Reputation: 270
I am trying to write a query in ElasticSearch which matches contiguous characters in the words. So, if my index has "John Doe", I should still see "John Doe" returned by Elasticsearch for the below searches.
I have tried the below query so far.
{
"query": {
"multi_match": {
"query": "term",
"operator": "OR",
"type": "phrase_prefix",
"max_expansions": 50,
"fields": [
"Field1",
"Field2"
]
}
}
}
But this also returns unnessary matches like I will still get "John Doe" when i type john x.
Upvotes: 6
Views: 10090
Reputation: 279
Here is a updated fix
create index with
body = {
"settings": {
"analysis": {
"analyzer": {
"autocomplete": {
"tokenizer": "autocomplete",
"filter": [
"lowercase"
]
},
"autocomplete_search": {
"tokenizer": "lowercase"
}
},
"tokenizer": {
"autocomplete": {
"type": "edge_ngram",
"min_gram": 2,
"max_gram": 10,
"token_chars": [
"letter"
]
}
}
}
},
"mappings": {
"properties": {
"title": {
"type": "text",
"analyzer": "autocomplete",
"search_analyzer": "autocomplete_search"
}
}
}
}
Upvotes: 0
Reputation: 217254
As explained in my comment above, prefix wildcards should be avoided at all costs as your index grows since that will force ES to do full index scans. I'm still convinced that ngrams (more precisely edge-ngrams) is the way to go, so I'm taking a stab at it below.
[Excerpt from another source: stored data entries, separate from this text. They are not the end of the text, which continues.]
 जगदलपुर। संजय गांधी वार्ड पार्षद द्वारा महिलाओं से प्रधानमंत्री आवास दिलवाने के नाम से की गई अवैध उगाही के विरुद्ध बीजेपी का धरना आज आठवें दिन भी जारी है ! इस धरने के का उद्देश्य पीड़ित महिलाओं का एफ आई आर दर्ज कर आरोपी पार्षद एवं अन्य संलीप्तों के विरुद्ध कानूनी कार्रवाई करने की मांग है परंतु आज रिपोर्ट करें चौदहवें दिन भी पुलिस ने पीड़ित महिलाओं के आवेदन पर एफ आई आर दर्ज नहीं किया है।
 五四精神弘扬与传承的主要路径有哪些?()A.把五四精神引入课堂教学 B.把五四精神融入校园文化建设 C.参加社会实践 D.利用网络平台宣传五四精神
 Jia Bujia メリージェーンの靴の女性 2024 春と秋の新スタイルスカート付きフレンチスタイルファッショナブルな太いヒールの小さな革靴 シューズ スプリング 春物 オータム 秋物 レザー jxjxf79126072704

The idea is to index all the suffixes of the input and then use a prefix
query to match any suffix as searching for prefixes doesn't suffer the same performance issues as searching for suffixes. So the idea is to index john doe
as follows:
john doe
ohn doe
hn doe
n doe
doe
oe
e
That way, using a prefix
query we can match any sub-part of those tokens which effectively achieves the goal of matching partial contiguous words while at the same time ensuring good performance.
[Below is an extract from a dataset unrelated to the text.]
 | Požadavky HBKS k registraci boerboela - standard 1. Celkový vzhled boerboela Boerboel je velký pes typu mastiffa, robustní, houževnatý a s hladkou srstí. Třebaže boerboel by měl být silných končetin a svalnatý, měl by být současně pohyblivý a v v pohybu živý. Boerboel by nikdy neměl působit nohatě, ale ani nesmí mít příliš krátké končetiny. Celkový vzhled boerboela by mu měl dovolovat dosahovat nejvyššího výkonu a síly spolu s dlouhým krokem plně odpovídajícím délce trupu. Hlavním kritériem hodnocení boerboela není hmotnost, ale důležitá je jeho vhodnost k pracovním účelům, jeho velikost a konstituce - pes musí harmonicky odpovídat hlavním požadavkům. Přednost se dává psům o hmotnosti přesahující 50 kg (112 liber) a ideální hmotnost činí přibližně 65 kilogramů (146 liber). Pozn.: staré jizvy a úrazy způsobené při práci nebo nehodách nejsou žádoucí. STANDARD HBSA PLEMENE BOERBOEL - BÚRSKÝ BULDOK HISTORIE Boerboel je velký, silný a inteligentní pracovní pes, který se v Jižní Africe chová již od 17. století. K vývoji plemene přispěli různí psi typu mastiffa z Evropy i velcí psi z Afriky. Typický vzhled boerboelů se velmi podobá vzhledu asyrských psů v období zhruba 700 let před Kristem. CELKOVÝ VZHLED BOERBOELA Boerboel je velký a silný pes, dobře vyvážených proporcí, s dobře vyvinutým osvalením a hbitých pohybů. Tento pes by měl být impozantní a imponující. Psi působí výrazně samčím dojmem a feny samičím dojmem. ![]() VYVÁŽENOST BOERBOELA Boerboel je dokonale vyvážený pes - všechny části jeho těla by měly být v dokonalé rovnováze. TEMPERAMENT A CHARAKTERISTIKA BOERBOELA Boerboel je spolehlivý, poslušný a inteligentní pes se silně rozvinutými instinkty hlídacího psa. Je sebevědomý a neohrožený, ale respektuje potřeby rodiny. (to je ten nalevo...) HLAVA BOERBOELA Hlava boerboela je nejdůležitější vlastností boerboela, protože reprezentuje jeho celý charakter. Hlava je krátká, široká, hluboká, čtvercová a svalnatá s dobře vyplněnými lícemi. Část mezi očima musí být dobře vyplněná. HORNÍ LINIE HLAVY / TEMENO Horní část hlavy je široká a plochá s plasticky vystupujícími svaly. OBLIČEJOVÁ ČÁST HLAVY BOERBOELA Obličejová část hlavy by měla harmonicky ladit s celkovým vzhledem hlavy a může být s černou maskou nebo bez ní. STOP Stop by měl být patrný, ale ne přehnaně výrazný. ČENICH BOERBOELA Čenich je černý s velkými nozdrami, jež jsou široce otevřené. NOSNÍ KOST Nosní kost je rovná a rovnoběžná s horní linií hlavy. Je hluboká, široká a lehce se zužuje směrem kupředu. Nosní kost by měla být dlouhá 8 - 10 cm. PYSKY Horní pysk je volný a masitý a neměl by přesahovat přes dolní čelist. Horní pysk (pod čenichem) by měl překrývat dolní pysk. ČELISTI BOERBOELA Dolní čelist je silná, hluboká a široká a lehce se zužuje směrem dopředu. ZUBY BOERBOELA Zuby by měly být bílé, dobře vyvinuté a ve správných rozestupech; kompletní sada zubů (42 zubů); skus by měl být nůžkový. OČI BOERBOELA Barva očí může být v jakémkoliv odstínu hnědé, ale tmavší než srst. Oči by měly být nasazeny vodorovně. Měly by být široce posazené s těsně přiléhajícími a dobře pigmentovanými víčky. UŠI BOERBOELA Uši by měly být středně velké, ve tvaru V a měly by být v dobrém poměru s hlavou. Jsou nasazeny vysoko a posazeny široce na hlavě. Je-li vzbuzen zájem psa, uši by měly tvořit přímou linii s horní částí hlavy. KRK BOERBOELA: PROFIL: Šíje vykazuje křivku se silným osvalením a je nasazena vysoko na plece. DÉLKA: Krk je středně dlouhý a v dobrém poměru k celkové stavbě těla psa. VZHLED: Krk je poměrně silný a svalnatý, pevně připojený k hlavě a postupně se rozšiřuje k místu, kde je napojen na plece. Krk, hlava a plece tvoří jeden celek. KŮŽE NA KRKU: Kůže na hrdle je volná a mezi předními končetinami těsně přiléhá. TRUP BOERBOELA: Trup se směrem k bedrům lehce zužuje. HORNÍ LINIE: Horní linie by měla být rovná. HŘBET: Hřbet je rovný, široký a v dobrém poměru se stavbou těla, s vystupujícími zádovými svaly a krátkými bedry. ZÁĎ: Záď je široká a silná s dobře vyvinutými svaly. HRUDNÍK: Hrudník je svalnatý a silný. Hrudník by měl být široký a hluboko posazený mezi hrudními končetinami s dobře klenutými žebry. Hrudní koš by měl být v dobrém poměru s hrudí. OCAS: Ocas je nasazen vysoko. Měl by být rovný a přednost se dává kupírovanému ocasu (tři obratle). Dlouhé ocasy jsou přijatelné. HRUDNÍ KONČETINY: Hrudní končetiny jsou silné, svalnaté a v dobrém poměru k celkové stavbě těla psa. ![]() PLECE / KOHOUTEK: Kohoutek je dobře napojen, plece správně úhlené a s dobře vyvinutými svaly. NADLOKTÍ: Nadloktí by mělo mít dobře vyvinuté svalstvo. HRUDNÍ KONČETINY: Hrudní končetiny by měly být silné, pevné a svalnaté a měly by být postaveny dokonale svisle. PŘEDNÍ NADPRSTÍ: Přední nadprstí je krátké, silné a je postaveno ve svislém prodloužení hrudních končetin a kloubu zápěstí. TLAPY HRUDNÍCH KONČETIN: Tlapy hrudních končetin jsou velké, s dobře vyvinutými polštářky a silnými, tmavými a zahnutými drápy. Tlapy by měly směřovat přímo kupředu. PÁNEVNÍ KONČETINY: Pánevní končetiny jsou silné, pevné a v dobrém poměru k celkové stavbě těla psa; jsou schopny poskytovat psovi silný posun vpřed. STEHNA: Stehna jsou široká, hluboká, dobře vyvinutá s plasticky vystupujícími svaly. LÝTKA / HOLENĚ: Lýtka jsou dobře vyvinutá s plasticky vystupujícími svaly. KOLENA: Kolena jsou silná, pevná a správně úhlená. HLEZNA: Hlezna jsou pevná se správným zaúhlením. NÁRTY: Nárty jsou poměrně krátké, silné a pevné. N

The definition of the index would go like this:
PUT my_index
{
"settings": {
"index": {
"analysis": {
"analyzer": {
"my_analyzer": {
"type": "custom",
"tokenizer": "keyword",
"filter": [
"lowercase",
"reverse",
"suffixes",
"reverse"
]
}
},
"filter": {
"suffixes": {
"type": "edgeNGram",
"min_gram": 1,
"max_gram": 20
}
}
}
}
},
"mappings": {
"doc": {
"properties": {
"name": {
"type": "text",
"analyzer": "my_analyzer",
"search_analyzer": "standard"
}
}
}
}
}
Then we can index a sample document:
PUT my_index/doc/1
{
"name": "john doe"
}
And finally all of the following searches will return the john doe
document:
POST my_index/_search
{
"query": {
"prefix": {
"name": "john doe"
}
}
}
POST my_index/_search
{
"query": {
"prefix": {
"name": "john do"
}
}
}
POST my_index/_search
{
"query": {
"prefix": {
"name": "ohn do"
}
}
}
POST my_index/_search
{
"query": {
"prefix": {
"name": "john"
}
}
}
POST my_index/_search
{
"query": {
"prefix": {
"name": "n doe"
}
}
}
Upvotes: 14
Reputation: 270
This is what worked for me. Instead of an ngram, index your data as keyword. And use wildcard regex match to match the words.
"query": {
"bool": {
"should": [
{
"wildcard": { "Field1": "*" + term + "*" }
},
{
"wildcard": { "Field2": "*" + term + "*" }
}
],
"minimum_should_match": 1
}
}
Upvotes: 2